• DATA EXCERPT:
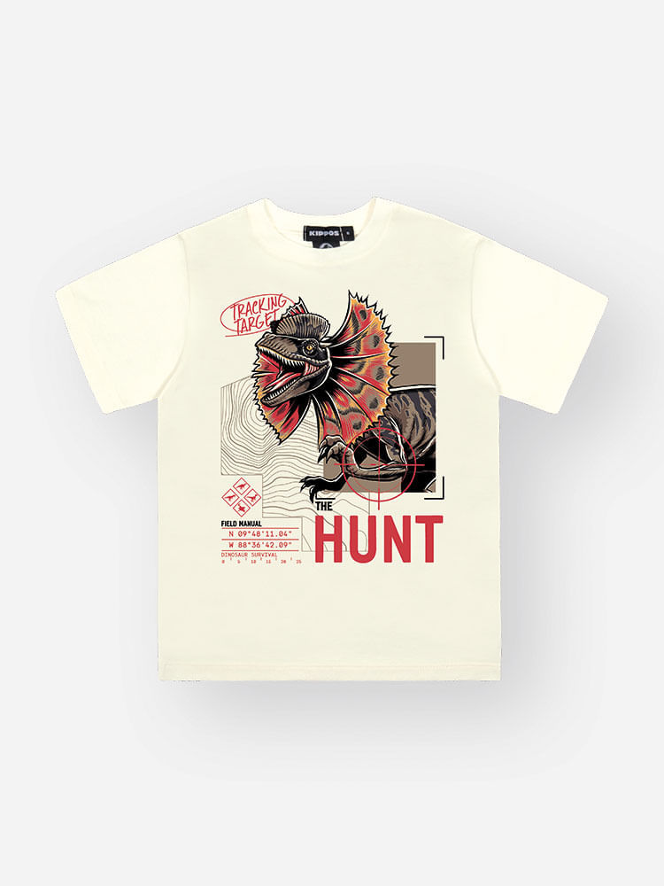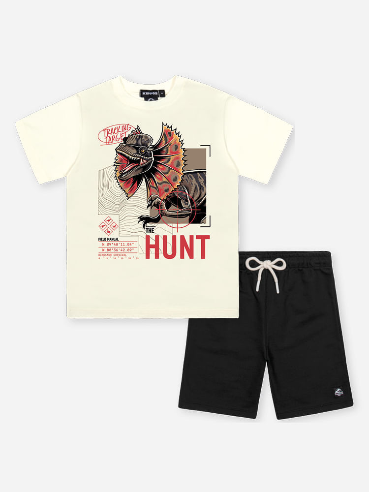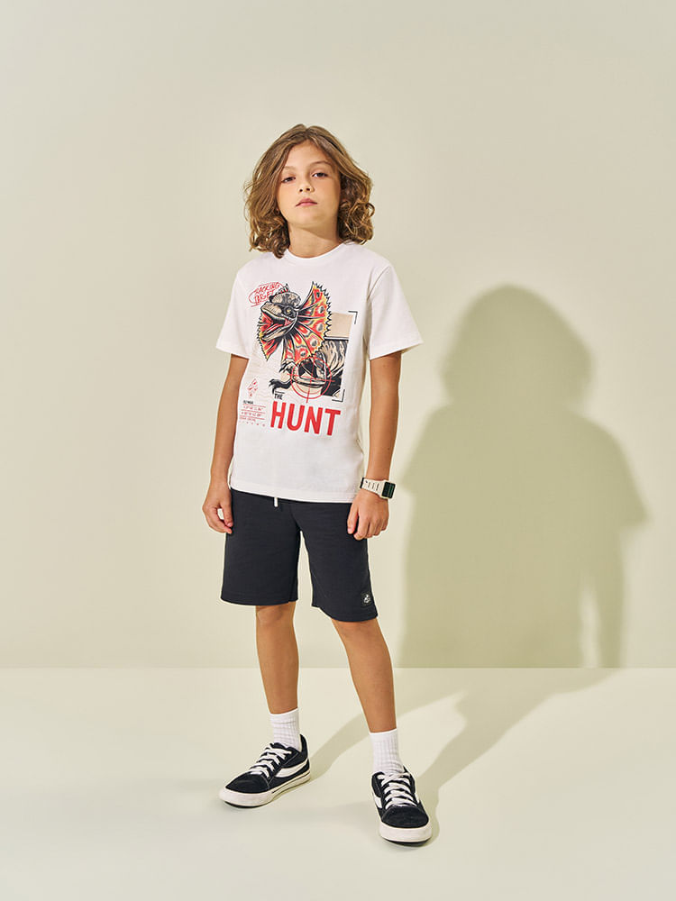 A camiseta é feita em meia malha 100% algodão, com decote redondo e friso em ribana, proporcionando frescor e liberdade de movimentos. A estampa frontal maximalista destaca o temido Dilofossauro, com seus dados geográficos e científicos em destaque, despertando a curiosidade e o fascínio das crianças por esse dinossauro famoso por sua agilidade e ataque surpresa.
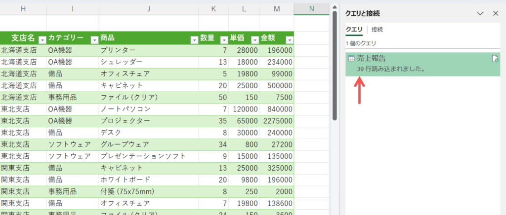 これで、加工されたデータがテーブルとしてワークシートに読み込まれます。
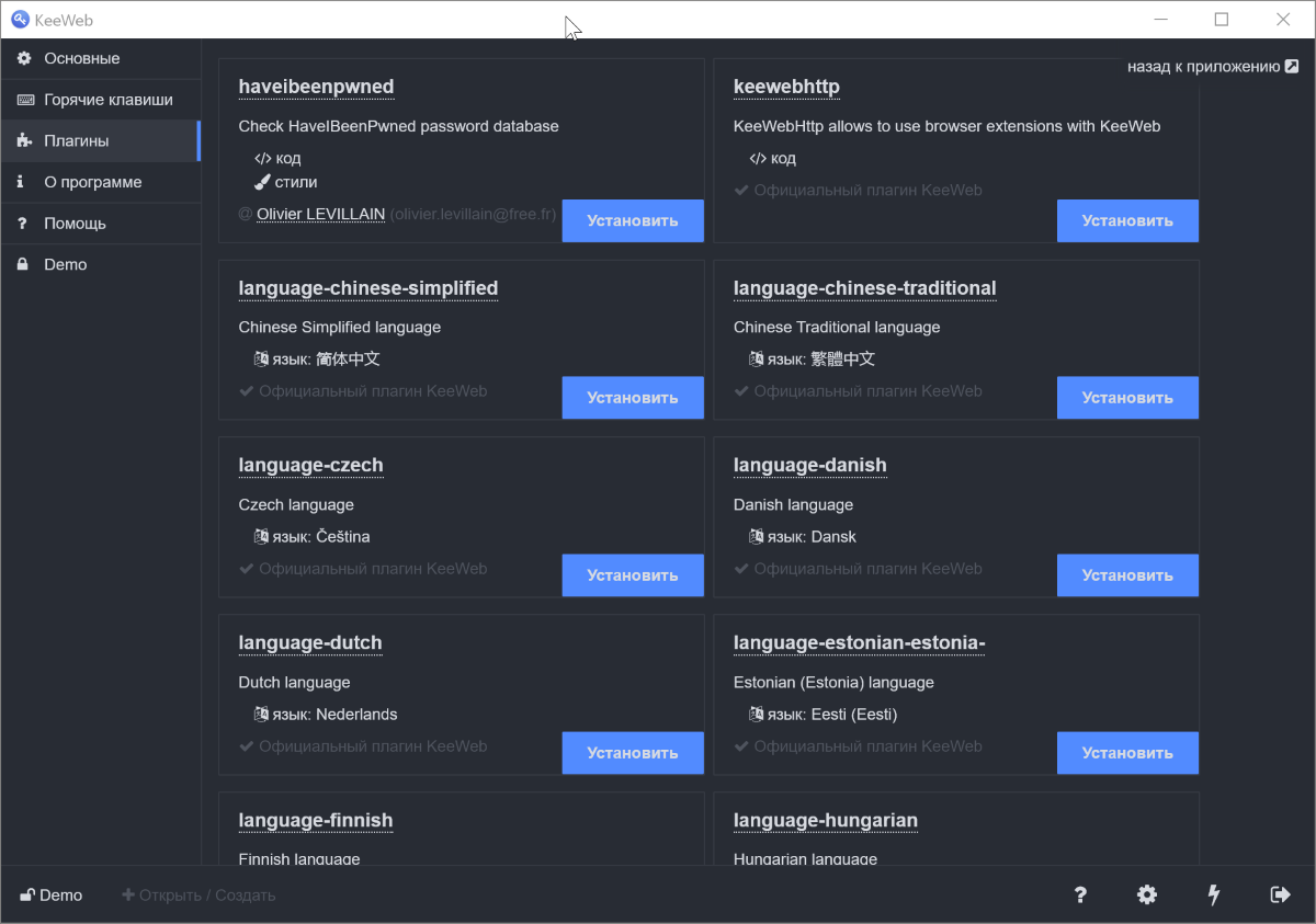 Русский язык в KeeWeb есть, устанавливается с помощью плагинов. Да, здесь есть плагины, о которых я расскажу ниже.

• WHAT TO PRODUCE: Word-for-word output of the material above is needed, with the pictures left out.

• YOUR RESPONSE:
 A camiseta é feita em meia malha 100% algodão, com decote redondo e friso em ribana, proporcionando frescor e liberdade de movimentos. A estampa frontal maximalista destaca o temido Dilofossauro, com seus dados geográficos e científicos em destaque, despertando a curiosidade e o fascínio das crianças por esse dinossauro famoso por sua agilidade e ataque surpresa.
 これで、加工されたデータがテーブルとしてワークシートに読み込まれます。
 Русский язык в KeeWeb есть, устанавливается с помощью плагинов. Да, здесь есть плагины, о которых я расскажу ниже.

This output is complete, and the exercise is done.